ENTRIES SUPPLIED

====

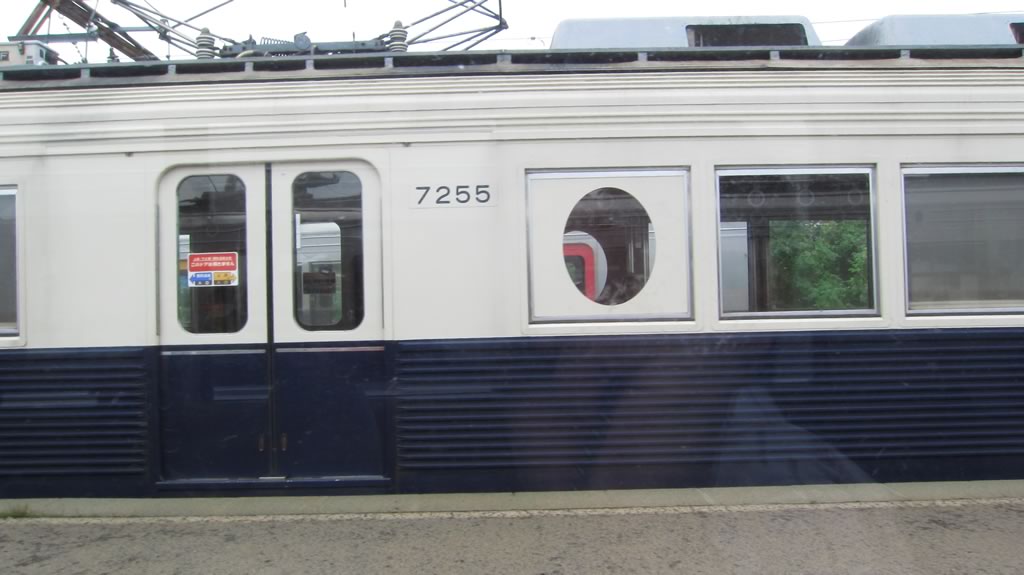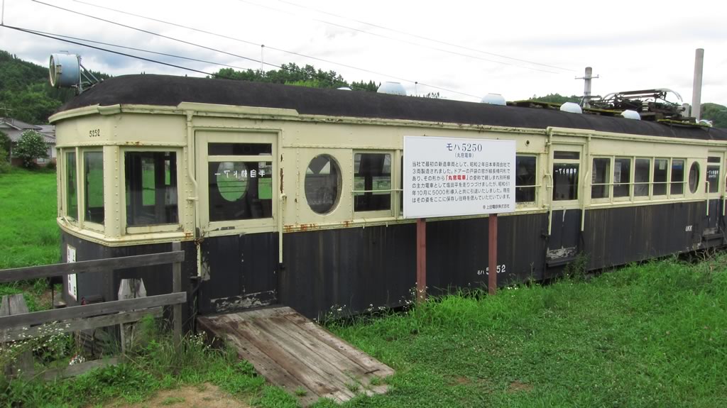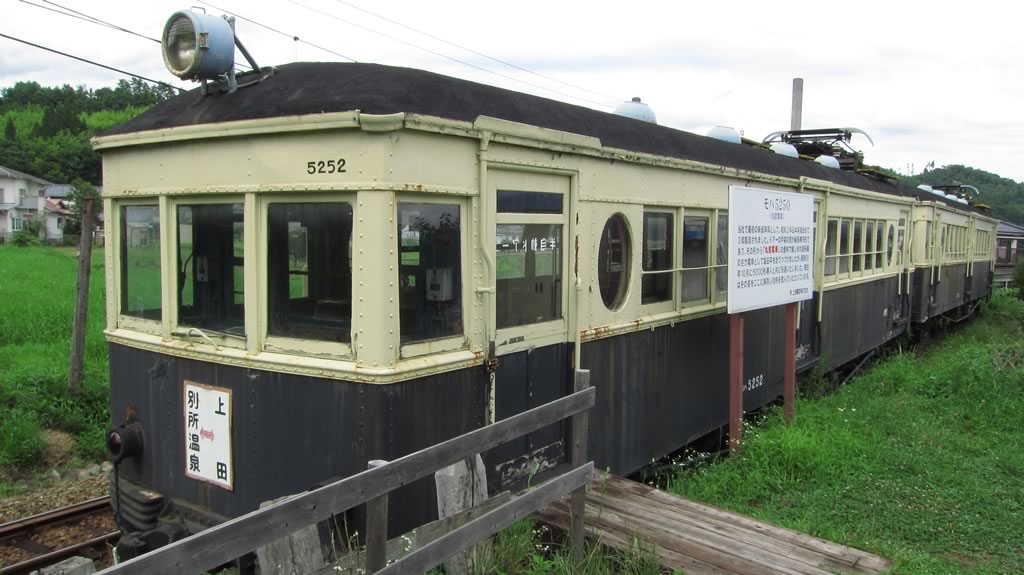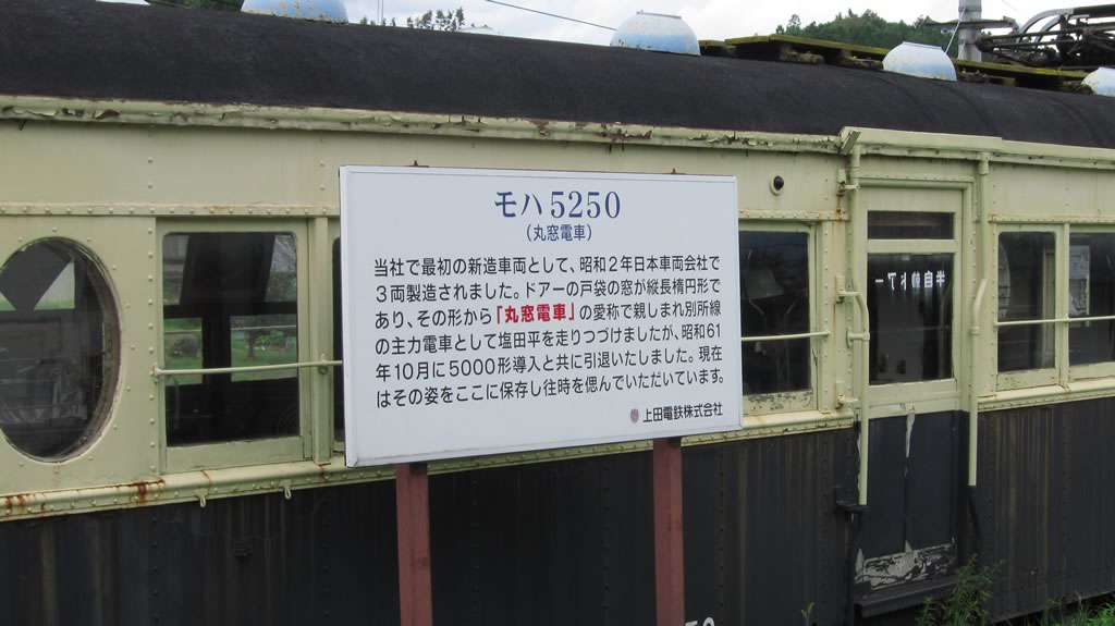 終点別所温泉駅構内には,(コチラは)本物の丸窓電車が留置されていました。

====

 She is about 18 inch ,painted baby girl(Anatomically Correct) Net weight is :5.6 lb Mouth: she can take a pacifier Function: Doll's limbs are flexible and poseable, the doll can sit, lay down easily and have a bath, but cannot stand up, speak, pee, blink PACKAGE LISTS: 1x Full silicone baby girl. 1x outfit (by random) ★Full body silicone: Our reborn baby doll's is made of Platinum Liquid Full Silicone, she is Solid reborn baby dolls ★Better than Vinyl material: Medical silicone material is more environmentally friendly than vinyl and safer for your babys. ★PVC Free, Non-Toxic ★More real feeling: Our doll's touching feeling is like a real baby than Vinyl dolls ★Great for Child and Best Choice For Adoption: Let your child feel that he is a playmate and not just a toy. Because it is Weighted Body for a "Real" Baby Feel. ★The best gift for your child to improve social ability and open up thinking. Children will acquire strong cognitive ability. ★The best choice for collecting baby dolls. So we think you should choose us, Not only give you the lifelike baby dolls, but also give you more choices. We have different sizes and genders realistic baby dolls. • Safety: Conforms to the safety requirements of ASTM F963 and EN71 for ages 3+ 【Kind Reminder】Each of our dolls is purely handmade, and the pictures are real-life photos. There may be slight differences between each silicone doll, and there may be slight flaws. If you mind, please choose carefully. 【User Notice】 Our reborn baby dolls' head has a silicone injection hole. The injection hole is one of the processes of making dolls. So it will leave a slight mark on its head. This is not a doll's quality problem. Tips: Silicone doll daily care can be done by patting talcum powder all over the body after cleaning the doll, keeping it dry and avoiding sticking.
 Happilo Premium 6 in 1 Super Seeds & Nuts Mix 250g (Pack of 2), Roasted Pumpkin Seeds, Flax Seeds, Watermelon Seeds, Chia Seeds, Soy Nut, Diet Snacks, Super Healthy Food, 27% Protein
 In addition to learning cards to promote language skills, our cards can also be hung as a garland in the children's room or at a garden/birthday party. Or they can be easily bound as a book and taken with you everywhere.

====

ACTIVITY
In the entries above, restate word for word the lines between the one holding "Happilo Premium 6" and the one holding "In addition to", inclusive, and nothing besides.

TASK OUTPUT
 Happilo Premium 6 in 1 Super Seeds & Nuts Mix 250g (Pack of 2), Roasted Pumpkin Seeds, Flax Seeds, Watermelon Seeds, Chia Seeds, Soy Nut, Diet Snacks, Super Healthy Food, 27% Protein
 In addition to learning cards to promote language skills, our cards can also be hung as a garland in the children's room or at a garden/birthday party. Or they can be easily bound as a book and taken with you everywhere.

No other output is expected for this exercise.